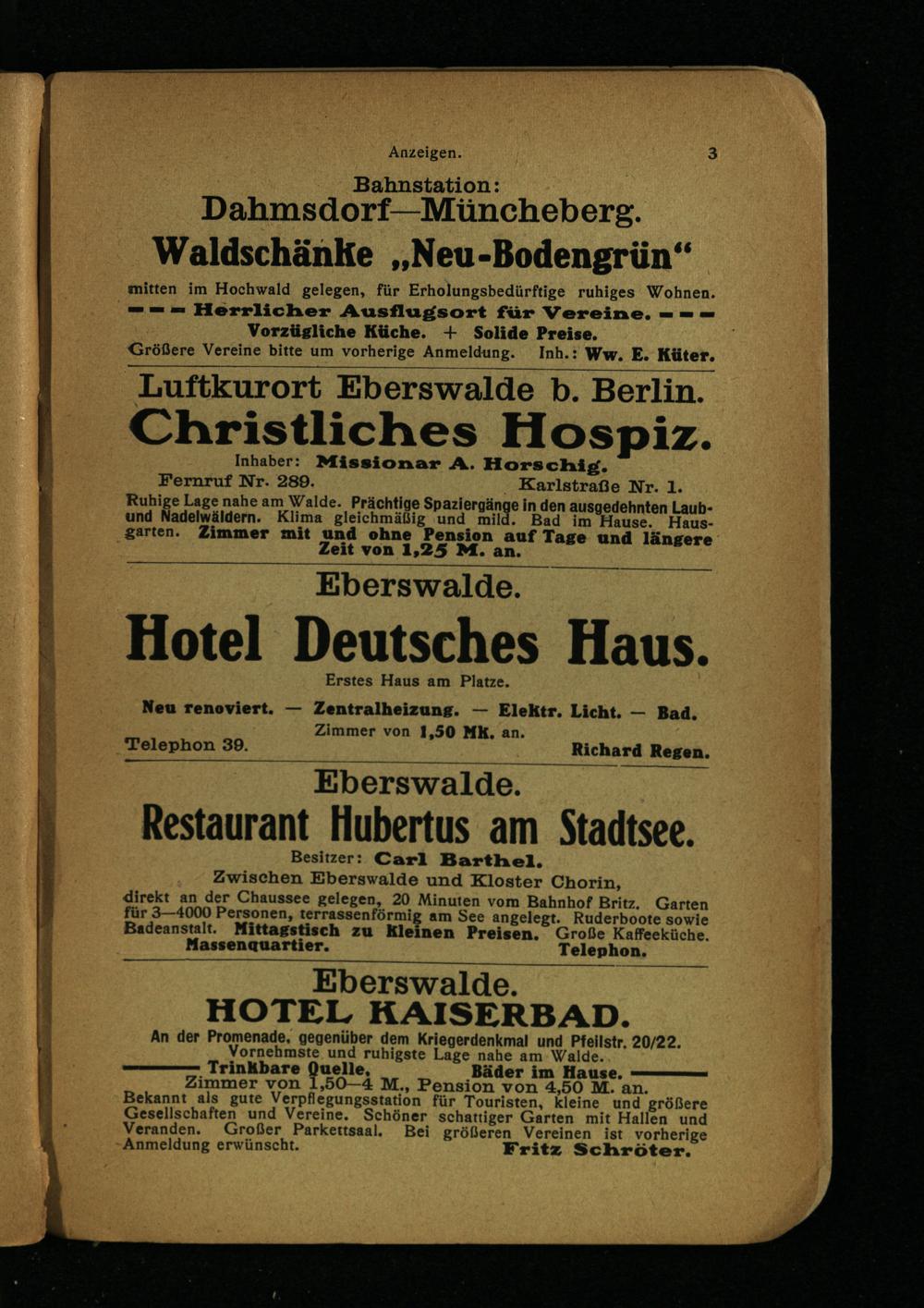 Zwischen Eberswalde und Kloster Chorin, direkt an der Chaussee gelegen, 20 Minuten vom Bahnhof Britz. Garten für 3—4000 Personen, terrassenförmig am See angelegt. Ruderboote sowie Badeanstalt. Mittagctisch zu Kiemen Preisen. Große Kaffeeküche. Haisenauartier. Telephon.
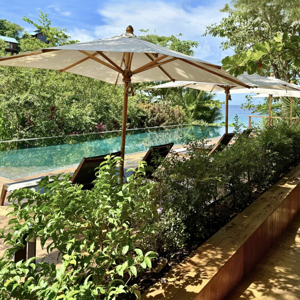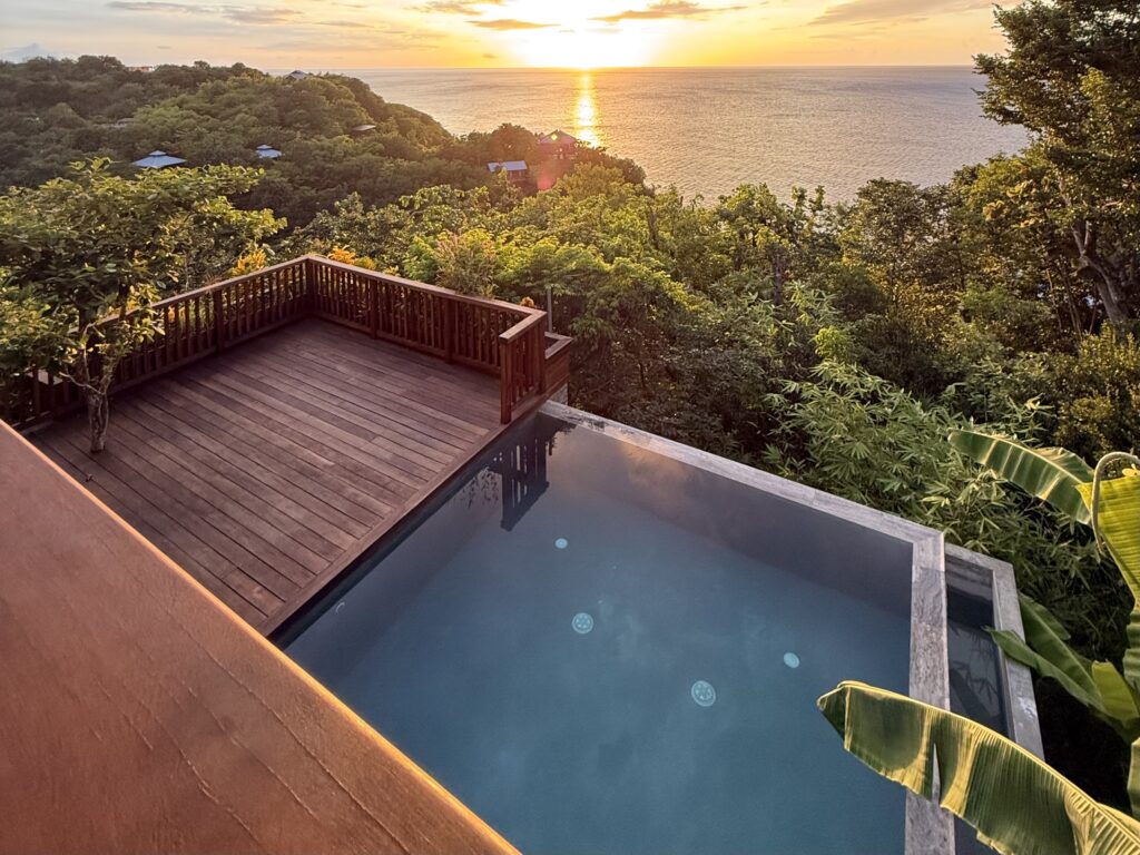 We stayed in the remarkable Clifftop Zabuco Honeymoon Villa II. The villa had a private plunge pool with an expansive deck and stunning views. It featured an outdoor shower for those refreshing moments in nature and a shaded hammock sofa suspended beneath the villa. This spot was ideal to sway and soak up the surroundings. With a vast open terrace and lounge areas, this was the ultimate place to savor morning coffee. It was also perfect for enjoying sunset cocktails and private swims under the stars. Fun fact! We learned the local term “Zabuco” means “apricot,” a fitting name for a villa rooted in natural beauty.
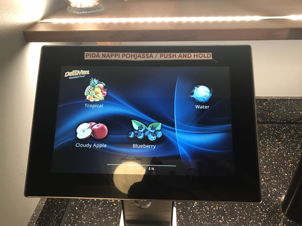フロント前にブルーベリージュースとデトックスウォーターがありました。24時間置いてありそうです。コーヒーと菓子パンの有料販売もあるようでした。
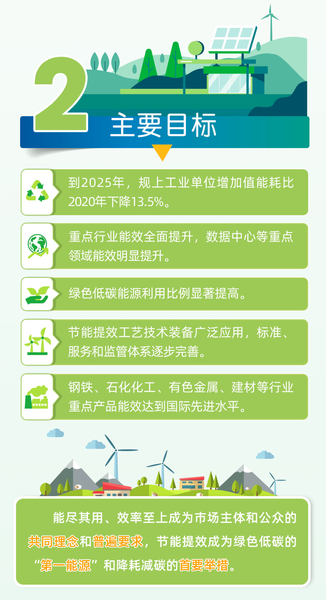 主要目標(biāo)是到2025年,重點(diǎn)工業(yè)行業(yè)能效全面提升,數(shù)據(jù)中心等重點(diǎn)領(lǐng)域能效明顯提升,綠色低碳能源利用比例顯著提高,節(jié)能提效工藝技術(shù)裝備廣泛應(yīng)用,標(biāo)準(zhǔn)、服務(wù)和監(jiān)管體系逐步完善,鋼鐵、石化化工、有色金屬、建材等行業(yè)重點(diǎn)產(chǎn)品能效達(dá)到國際先進(jìn)水平,規(guī)模以上工業(yè)單位增加值能耗比2020年下降13.5%。能盡其用、效率至上成為市場主體和公眾的共同理念和普遍要求,節(jié)能提效進(jìn)一步成為綠色低碳的“第一能源”和降耗減碳的首要舉措。同時(shí),結(jié)合產(chǎn)業(yè)發(fā)展實(shí)際提出一系列具體目標(biāo),到2025年,新增高效節(jié)能電機(jī)占比達(dá)到70%以上,新增高效節(jié)能變壓器占比達(dá)到80%以上,新建大型、超大型數(shù)據(jù)中心電能利用效率(pue)優(yōu)于1.3,工業(yè)領(lǐng)域電能占終端能源消費(fèi)比重達(dá)到30%。
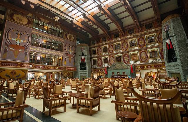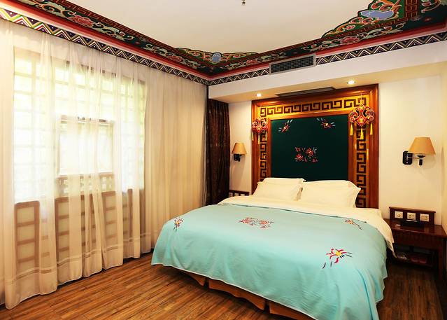 酒店内富丽堂皇,大小的样式都有着羌族的风情,出来之后沿着一旁的游步道上山,带着小朋友不太方便我们便决定乘坐代步的小滑车上山,节省一段游步道的路程,抱着宝贝看着风景,一路上山。
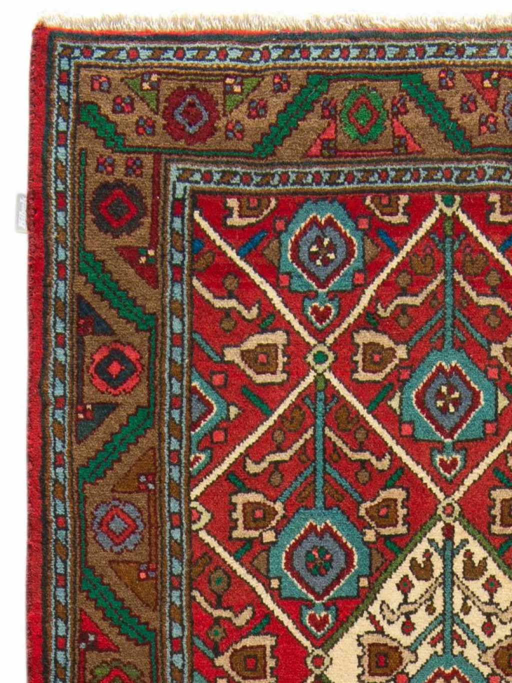 finden sich die unterschiedlichsten Dessins anderer Provenienzen, die in einer kurdentypischen Art und Weise, in völlig anderen Farben, geknüpft werden. Meist ist die Farbgebung der Teppiche eher dunkel. Der hohe Flor ist aus guter Bergschafwolle und besonders haltbar.| Gesamthöhe: | ca. 11 mm |
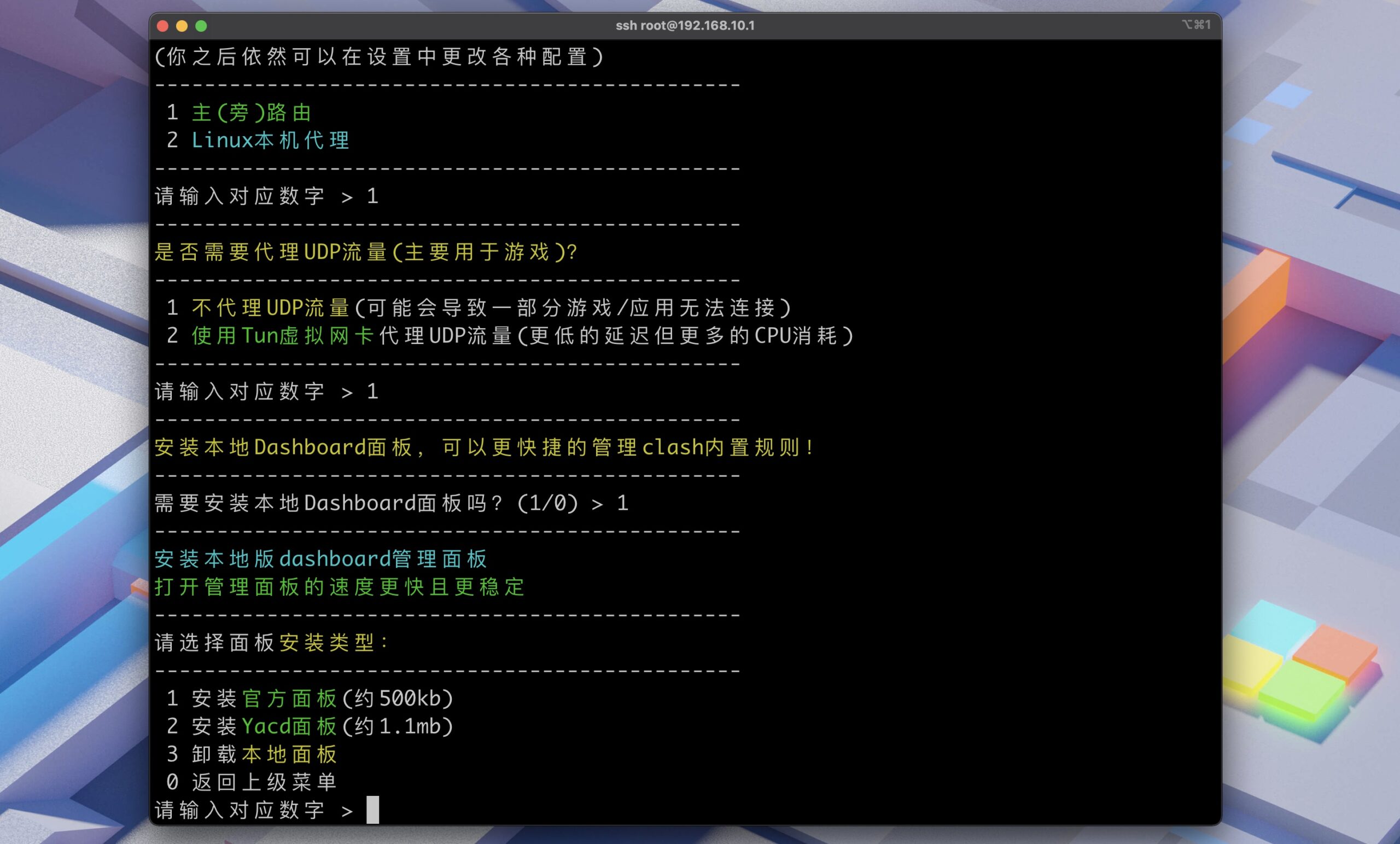 然后 1 不代理 UDP 流量,1 安装 Dashboard 面板,2 Yacd 面板,1 下载并安装根证书。
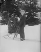 En bild från södra koloniträdgården, från vänster: hembiträdet Ester, Karin, Eva och Sören Brundin på sparkutfärd.

════

- TASK ITEM
In the listing above, find the line containing "We stayed in" and the line containing "酒店内富丽堂皇,大小的样式都". Reproduce those lines and all between them exactly, with no pictures and nothing more.

- EXERCISE SOLUTION
 We stayed in the remarkable Clifftop Zabuco Honeymoon Villa II. The villa had a private plunge pool with an expansive deck and stunning views. It featured an outdoor shower for those refreshing moments in nature and a shaded hammock sofa suspended beneath the villa. This spot was ideal to sway and soak up the surroundings. With a vast open terrace and lounge areas, this was the ultimate place to savor morning coffee. It was also perfect for enjoying sunset cocktails and private swims under the stars. Fun fact! We learned the local term “Zabuco” means “apricot,” a fitting name for a villa rooted in natural beauty.
フロント前にブルーベリージュースとデトックスウォーターがありました。24時間置いてありそうです。コーヒーと菓子パンの有料販売もあるようでした。
 主要目標(biāo)是到2025年,重點(diǎn)工業(yè)行業(yè)能效全面提升,數(shù)據(jù)中心等重點(diǎn)領(lǐng)域能效明顯提升,綠色低碳能源利用比例顯著提高,節(jié)能提效工藝技術(shù)裝備廣泛應(yīng)用,標(biāo)準(zhǔn)、服務(wù)和監(jiān)管體系逐步完善,鋼鐵、石化化工、有色金屬、建材等行業(yè)重點(diǎn)產(chǎn)品能效達(dá)到國際先進(jìn)水平,規(guī)模以上工業(yè)單位增加值能耗比2020年下降13.5%。能盡其用、效率至上成為市場主體和公眾的共同理念和普遍要求,節(jié)能提效進(jìn)一步成為綠色低碳的“第一能源”和降耗減碳的首要舉措。同時(shí),結(jié)合產(chǎn)業(yè)發(fā)展實(shí)際提出一系列具體目標(biāo),到2025年,新增高效節(jié)能電機(jī)占比達(dá)到70%以上,新增高效節(jié)能變壓器占比達(dá)到80%以上,新建大型、超大型數(shù)據(jù)中心電能利用效率(pue)優(yōu)于1.3,工業(yè)領(lǐng)域電能占終端能源消費(fèi)比重達(dá)到30%。
 酒店内富丽堂皇,大小的样式都有着羌族的风情,出来之后沿着一旁的游步道上山,带着小朋友不太方便我们便决定乘坐代步的小滑车上山,节省一段游步道的路程,抱着宝贝看着风景,一路上山。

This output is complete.